Another Uber Driver said:


> https://www.yahoo.com/news/woman-caught-camera-spewing-racist-201617505.html
> 
> 
> 
> ...


Hope Uber bans her.

Hope the Sheriff's office prosecutes her !


----------



## Beninmankato (Apr 26, 2017)

Why does this even make the news? He sounds a bit incompetent if he can't handle making a destination change on the fly. I swear drivers are the cause of half of these disputes.


----------



## SpinalCabbage (Feb 5, 2020)

Here is the actual video.


----------



## Gone_in_60_seconds (Jan 21, 2018)

Another Uber Driver said:


> https://www.yahoo.com/news/woman-caught-camera-spewing-racist-201617505.html
> 
> 
> 
> ...


Seems like a lot of these racist tirades are common among millenial white females. Lot of "Karens" stirring up sh*t and exposing their racist underbelly. It seems this is the new fad, as racism is now out and open not subtle like what it used to be i.e. denied a job because of your race. Quoted a higher mortgage rate because of your ethnicity or color of your skin....etc


----------



## Another Uber Driver (May 27, 2015)

Gone_in_60_seconds said:


> Seems like a lot of these racist tirades are common among millenial white females. Lot of "Karens" stirring up sh*t and exposing their racist underbelly.

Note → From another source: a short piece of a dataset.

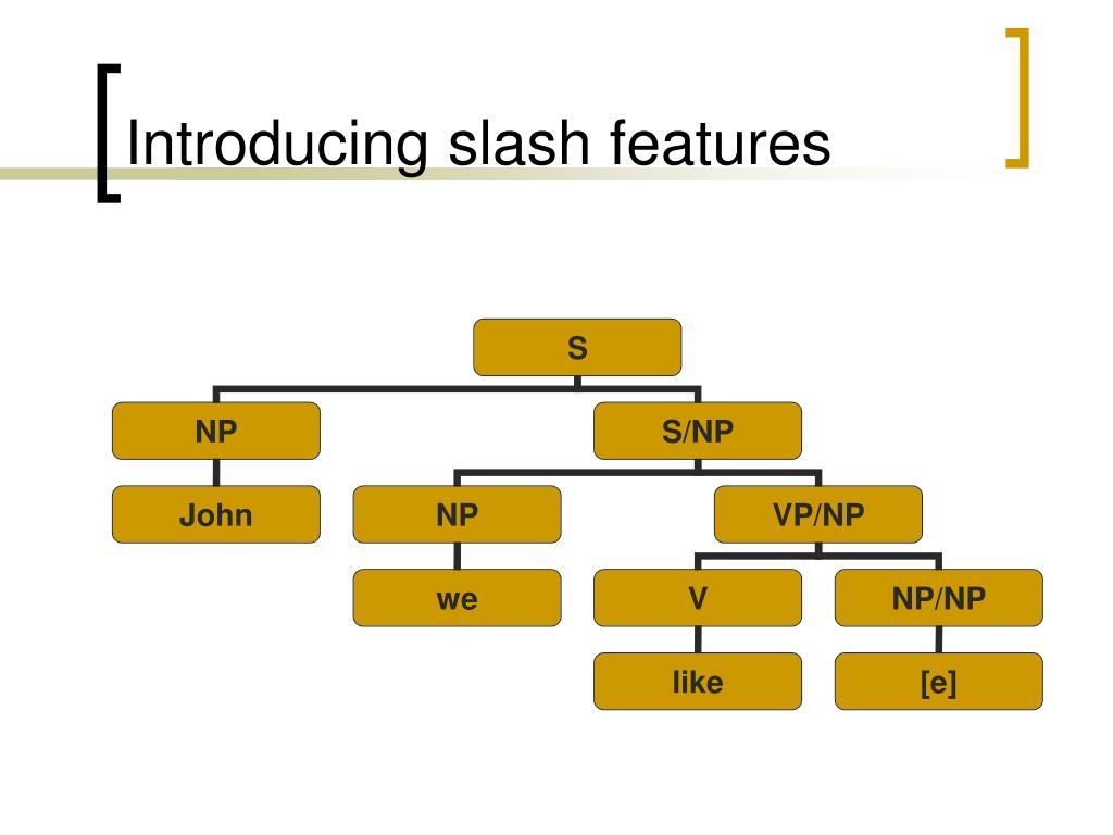 GPSG: Generalized Phrase Structure Grammar • Let G be a context-free grammar • For each rule A -> B C add new rules A/D -> B C/D and A/D -> B/D C (metarule) • And as well as: X/X -> [e] (for all X) (slash termination) • And: S -> XP S/XP (slash introduction)

There are those who blame certain figures for "making this acceptable". While many of those accused of this are gone, still, this persists. It makes me consider the possibility that this goes far beyond some of those figures.

The abject ignorance of the sort of deportment described in the article is amazing. Do all of these people really suffer from such _moronicity_?


----------



## SpinalCabbage (Feb 5, 2020)

I don't think people are accepting of this kind of behavior. This is not the new normal. This is just what happens when everyone has a camera in their hand. Clearly she is drunk. People get drunk and that inner demon comes out to visit. And in some people that inner demon is a racist little bugger. She's been identified. Her employer has suspended her and will probably fire her. She'll be an Uber driver within six months.

Quick update: Stella Thomas has resigned from her job.


----------



## tohunt4me (Nov 23, 2015)

Another Uber Driver said:


> There are those who blame certain figures for "making this acceptable". While many of those accused of this are gone, still, this persists. It makes me consider the possibility that this goes far beyond some of those figures.
> 
> The abject ignorance of the sort of deportment described in the article is amazing. Do all of these people really suffer from such _moronicity_?


That silly Bimbo does not Suffer it 

She enjoys it ! 

Press charges.


----------



## Beninmankato (Apr 26, 2017)

Watched the video, sorry but the driver acted like an idiot. Sticking around aggravating the situation and threatening to call 911. So he got a rude drunk woman in his car, you dump them and you leave end of story. There is nothing in the video that warrants a call to the police.


----------



## Beninmankato (Apr 26, 2017)

tohunt4me said:


> That silly Bimbo does not Suffer it
> 
> She enjoys it !
> 
> Press charges.


Charges for what?


----------



## SpinalCabbage (Feb 5, 2020)

I'm sorry but someone has to say it...


----------



## PukersAreAlwaysYourFault (Mar 25, 2021)

Beninmankato said:


> Why does this even make the news? He sounds a bit incompetent if he can't handle making a destination change on the fly. I swear drivers are the cause of half of these disputes.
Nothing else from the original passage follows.